16:06:34 EST Oct. 23 2003 #

Working for a top 5 CRM organization i can definetely see the huge impact this will have on the future of desktop computing. It all comes down to how microsoft defines "user experience". Ive been implementing CRM for large customers (thousands of seats across 3 or more departments) for years and the highest on there list of importance is GUI. Its going to be interesting to see how the whole longhorn will pan out, will industry force microsoft to take a more conservative approach (ie continue enhancements to its IE range etc) or will it allow microsoft to completely redefine the desktop application.. interesting times ahead...

10:48:00 EST Dec. 2 2004 #

That will be a dock, like FVWM2's GoodStuff, or WindowMaker's dock, or (Gnome|KDE) Panel, or MacOS X presumably? Multiple desktops too will be a refreshing change. I always thought FVWM's were the best and used to have a 2x2x2 workspace which smoothly scrolled as I moved the mouse to the edge, and I could switch along the "z-axis" and even drag windows around anywhere using the FVWM Pager. Dragging windows off the pager onto the screen was a useful trick. That was back in the mid 90's. Things have changed so much since then. FVWM was a pain to configure, but worked well.

What does Avalon mean to people just getting to know WinForms though? Is that wasted investment in time and development? Remember - "It's always cheaper sticking with Windows", hmmm. Time for another rewrite. Keeps us in jobs though.

How can the computer press continue bemoaning small changes from Windows to modern Linux desktops as "confusing", while praising Microsoft for completely changing the user paradigm again? I get the feeling that if Microsoft invented a new input device that involved tapping morse code into the serial port, most of the computer press will praise it as the next wonderful thing in user friendlyness simply because it's Microsoft.

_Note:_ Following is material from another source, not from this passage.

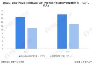 预计未来我国移动电话用户规模仍将持续缓步增长,而伴随着移动电话用户规模的增长,我国手机网民数量规模也将持续增长。预计2027年我国移动电话用户规模和手机网民数量将分别达到18亿户和13亿人左右。

Meanwhile its half amusing that Windows is getting more and more UNIXy concepts (/home, /lib (you call it "The GAC"), text based config files that you can version control, and email, and back up, wow!) while some in the Linux world seem to want to move backwards to please Windows users.

Is Avalon going to have nice things like a well thought out architecture, Model View Controller, not so many inter-package dependencies or code that must be doing "if(parameter is a TypeXXX) do something different to normal that pleases most people used to VB, but confuses others as it gives inconsistencies"?

Also, what use cases have been identified that need this? I know its not impossible to invent something new. I'd not have imagined RSS before someone else did, being happy with old standards like NNTP, but RSS really does work well. Have Microsoft actually identified a need, or are they just making something new, or even (dare I say) copying some of the better ideas in Linux?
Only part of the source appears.